La situación tiene, no obstante, una particularidad jurídica. El Tribunal Supremo estableció recientemente que las personas que llegan a Ceuta o Melilla a nado no pueden ser objeto de una devolución inmediata en frontera y deben someterse al procedimiento ordinario de devolución. La sentencia ha obligado al Gobierno a afrontar la crisis con un escenario legal diferente al de anteriores episodios de entradas masivas.

El Gobierno comienza a instalar barreras en el Tarajal

Precisamente para reforzar el control de esta vía de entrada, este sábado ha comenzado la instalación de barreras de contención en el espigón del Tarajal.

La medida fue anunciada por Sánchez durante su visita a Ceuta y pretende reforzar físicamente la frontera marítima en una zona utilizada por los migrantes para acceder a la ciudad.

La instalación se produce apenas unas semanas después de la sentencia del Supremo y en un momento en el que el Gobierno busca evitar que se repita una entrada masiva de estas características.

El Ejecutivo también mantiene desplegados efectivos de las Fuerzas y Cuerpos de Seguridad del Estado y del Ejército para reforzar la vigilancia de la frontera.

La crisis deja al menos 67 muertos

La cara más dramática de la crisis se encuentra en el mar.

El balance de fallecidos ha aumentado hasta 67 personas, según el último recuento conocido este sábado. Las muertes se produjeron durante los intentos masivos de alcanzar Ceuta desde Marruecos, principalmente a través del mar y del espigón fronterizo.

La magnitud de la tragedia convierte este episodio en uno de los sucesos migratorios más graves registrados en una frontera española.

El elevado número de víctimas también ha puesto el foco en las condiciones en las que se produjeron los cruces y en el riesgo que asumieron miles de personas para intentar alcanzar territorio español.

El origen de la avalancha y el papel de las mafias

El Gobierno español atribuye la llegada masiva a la actuación de organizaciones criminales dedicadas al tráfico de personas y a la difusión de mensajes a través de redes sociales que animaban a cruzar hacia Ceuta.

La hipótesis del Ejecutivo es que esas organizaciones aprovecharon la reciente sentencia del Tribunal Supremo sobre las devoluciones en caliente para generar expectativas entre quienes pretendían alcanzar la ciudad autónoma.

España y Marruecos han coincidido en señalar a las redes de tráfico de personas como uno de los principales factores detrás de la movilización.

Una crisis que ahora deja preguntas abiertas

Aunque Ceuta comienza a recuperar la normalidad, la crisis está lejos de quedar completamente cerrada.

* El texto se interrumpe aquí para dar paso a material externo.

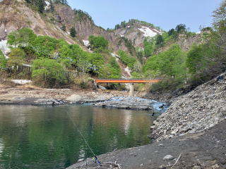 橋からバックウォーターを眺めると、右岸、左岸とも釣れそうです。
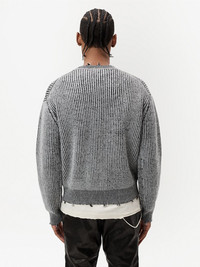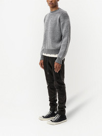 ribbed-knit crewneck jumper black merino wool ribbed knit crew neck drop shoulder long sleeves frayed detailing ribbed detailing Made in United States Composition Merino 100%
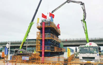 本报汕尾讯 2月8日,中铁四局五公司深汕西高速改扩建工程长沙湾特大桥右幅12号主墩浇筑完成。
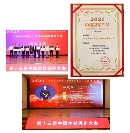 本次大會公布了中國木材保護工業協會十周年風云人物獎及單項冠軍產品獎。其中,千年舟集團副總裁田茂華榮獲中國木材保護工業協會十周年風云人物獎;千年舟旗下「抗菌生態板」斬獲單項冠軍產品
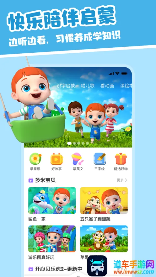 儿歌多米是儿童启蒙平台,通过游戏让孩子体验精彩启蒙教学。有丰富学习内容,采用卡通动画风格,能定制个性化儿歌,提供专业教育服务,涵盖多方面知识,助力孩子成长。
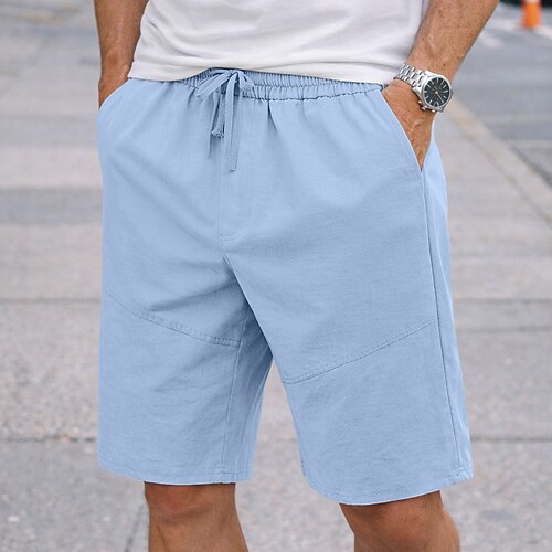 Per uomo Pantaloncini Pantaloncini di lino Pantaloncini estivi Pantaloncini da spiaggia Tasche A cordoncino Vita elastica Banda Comfort Traspirante Lunghezza del ginocchio Esterno Per eventi Spiaggia
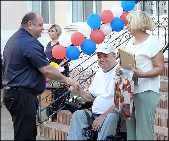 Он поблагодарил и вручил подарки многим жителям — активистам микрорайона . Среди них Л.А.Плотникова, Д.Т.Приходько, Л.К.Мельникова, Ф.В.Дебушевский, А.А.Протакин, В.А.Курганова, В.В.Каплунова, Н.И.Маас, Е.О.Морозова, Г.И.Ишова, Т.Н.Сашко, Е.В.Крыга, А.К.Букал и многие, многие другие жители микрорайона.

La primera incógnita es qué ocurrirá con las personas que todavía permanecen en la ciudad y qué procedimiento se aplicará a quienes no hayan regresado voluntariamente a Marruecos.

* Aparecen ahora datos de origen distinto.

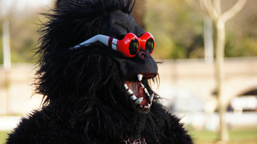 All that bike riding made this gorilla more than a little hungry...
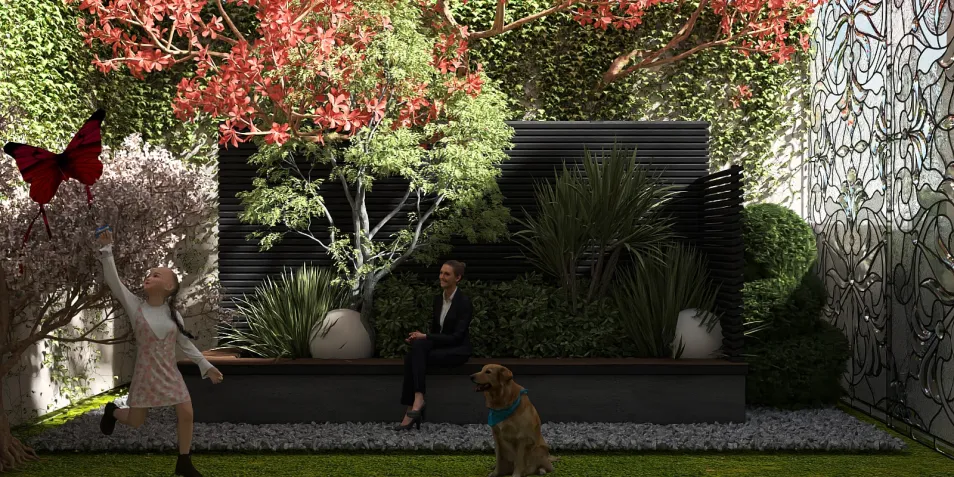 In a sunlit garden, laughter dances with the flutter of butterfly wings. A mother, serene amidst nature's embrace, watches her child chase joy, while a loyal dog rests at her feet, embodying the bliss of simple moments.

También queda por determinar el impacto que tendrá la instalación de nuevas barreras marítimas y cómo se desarrollará a partir de ahora el control de una frontera que ha demostrado ser especialmente vulnerable ante una llegada coordinada y masiva.

El episodio también ha abierto un nuevo debate político sobre la política migratoria española, la cooperación con Marruecos y la gestión de las fronteras exteriores de la Unión Europea.

Mientras tanto, Ceuta afronta este sábado el día después de una crisis que alteró por completo la vida de la ciudad en apenas unas horas. Miles de personas ya han regresado al otro lado de la frontera, pero el dispositivo de seguridad permanece activo y las autoridades trabajan para impedir que una situación similar vuelva a repetirse.